This paper revisits pre-training using Instagram images and hashtags. Similar to previous work, one of the focus of this work is to increase model capacity. Here also one of the best performing model is ViT. The dataset size is similar but resampling is modified from square root sampling to resampling according to inverse square root of hashtag frequency. Additionally, images containing at least one infrequent hashtag is upsampled by 100x. The authors provide a system-level comparison between supervised pre-training, self-supervised pre-training and weakly supervised pre-training. Interestingly, they consider JFT-300M and JFT-3B dataset as supervised dataset and not weakly supervised dataset since it was mentioned in the previous work using JFT-3B that dataset construction is semi-automatic. The results show that weakly supervised ViT performs competitively or even surpasses other models on some tasks in terms of classification accuracy. The comparitive results are only presented for different classificaiton tasks. We also find that pre-training is done on smaller resolution (224x224) but finetuning is done on higher resolution (e.g. 224x518). This may be done to reduce pre-training time. However, this impacts model performance where pre-training resolution is used (as in next two comparisons). In those cases, the best performing model is based on RegNetY and not ViT. The comparison with self-supervised models show that weak supervision outperforms self-supervision by significant margin. However, it is difficult to draw a conclusion since the experimental settings vary. For example, self-supervised models considered in this work are trained on smaller datasets and use different model architecture. The final comparison is done in zero shot settings with weakly supervised models using text modality for pre-training such as CLIP [7] and ALIGN [8]. Image-text pre-training has become extremely popular recently but we do not cover these types of weakly supervised models in this survey. CLIP and ALIGN models outperform RegNetY models but, as mentioned earlier, it is difficult to find the reason due to difference in experimental settings. Nonetheless, weak supervision, including CLIP type of pre-training, shows very strong results. In all the four works, it is shown that performance does not saturate and may increase further with proper scaling of dataset and model size.

Self Supervision

Self-supervised learning refers to the paradigm of learning feature representations in an unsupervised manner, by defining an annotation free pretext task that derives the task’s supervision from the input itself. The success of the paradigm has been demonstrated in the field of natural language processing by well-known works such as BERT [9] and GPT [10], with the emergence of the Transformer model. On the other hand, in the computer vision field, early works in the self-supervised learning regime mainly utilized convolutional based architectures such as residual networks. Recent research in self-supervised representation learning in computer vision follow several directions. One major direction is the design of pretext tasks, with the rationale that solving such self-supervised tasks will force the model to learn semantic image features that can be useful for other vision tasks. For example, Zhang et al. [11] use the image colorization task, colorizing gray scale images, to train ConvNets to learn features. Doersch et al. [12] predict the relative position of image patches, and [13] propose to learn features by predicting image rotations. Another line of research derives from the emergence of contrastive learning, which models image similarity and dissimilarity between two or more different views, generated with data augmentation. While contrastive learning is a general framework that can be combined with different pretext tasks, works in this direction typically utilize the instance discrimination task [14]. This survey includes MOCO [15] as a representative work in this area. In contrast with contrastive pre-training, a recent line of work only leverages the similarity between multiple views of the same data and has demonstrated even better linear probing performance on ImageNet. This direction also heavily depends on data augmentation to create different views. We present DINO [16] as a representative paper. The last direction in self-supervised pre-training included in this survey is reconstruction based autoencoders. Most recent works such as BEiT [17] and MAE [18] are inspired by the success of autoencoders in NLP and seek to directly apply the same or similar approach in computer vision with vision transformers [19].

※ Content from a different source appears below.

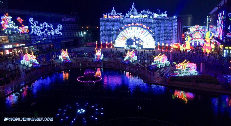 ZHEJIANG, septiembre 27, 2017 (Xinhua) -- Vista de un conjunto de linternas sobre el agua durante un festival de la linterna, en Haining, provincia de Zhejiang, en el este de China, el 27 de septiembre de 2017. Un festival de la linterna es llevado a cabo en Haining para celebrar el próximo Día Nacional y el Festival del Medio Oto?o. (Xinhua/Zhang Cheng)

UNSUPERVISED REPRESENTATION LEARNING BY PREDICTING IMAGE ROTATIONS

In this paper the authors propose a new pretext task: predicting the number of degrees an image has been rotated with. This work proposes to learn image representations by training ConvNets to recognize the geometric transformation that is applied to an image that it gets as input. In detail, it first defines a set of geometric transformations and a set of training images. Then each geometric transformation is applied to every image and is assigned as the label to the transformed image. Under this setup, the pretext task becomes a classification problem with the number of classes equal to the number of transformations. In particular, the authors chose to define the geometric transformations as the image rotations by 0, 90, 180, and 270 degrees. As in a standard classification problem, a regular negative log likelihood loss function for maximizing the likelihood the model predicts the correct class is used. The authors claim that the intuition behind this task is that to successfully predict the rotation of an image the model must necessarily learn to localize the main objects in the image, recognize their orientation based on the object type, and then relate the object orientation with the dominant orientation that each type of object tends to be depicted within the available images. This problem is well-posed because most people tend to take images where the main objects in the image are in the upright direction, and using sparse rotation categories reduces the ambiguity that may exist when the objects are not fully upright. The method was evaluated on CIFAR10, ImageNet, PASCAL VOC [20], and Places [21]. The authors used ConvNet as the backbone on CIFAR10, and AlexNet for other datasets. With selected architectures, the proposed method consistently outperforms previous self-supervised methods on all datasets except Places. We recommend readers to refer to the original paper for detailed evaluation setting. However, the performance gap between the proposed method and supervised method still remains large. For example, on ImageNet, the top-1 accuracy of fitting a linear classifier to self-supervise learned features is only 38.7 percent, much lower training with labels, which has 50.5 percent.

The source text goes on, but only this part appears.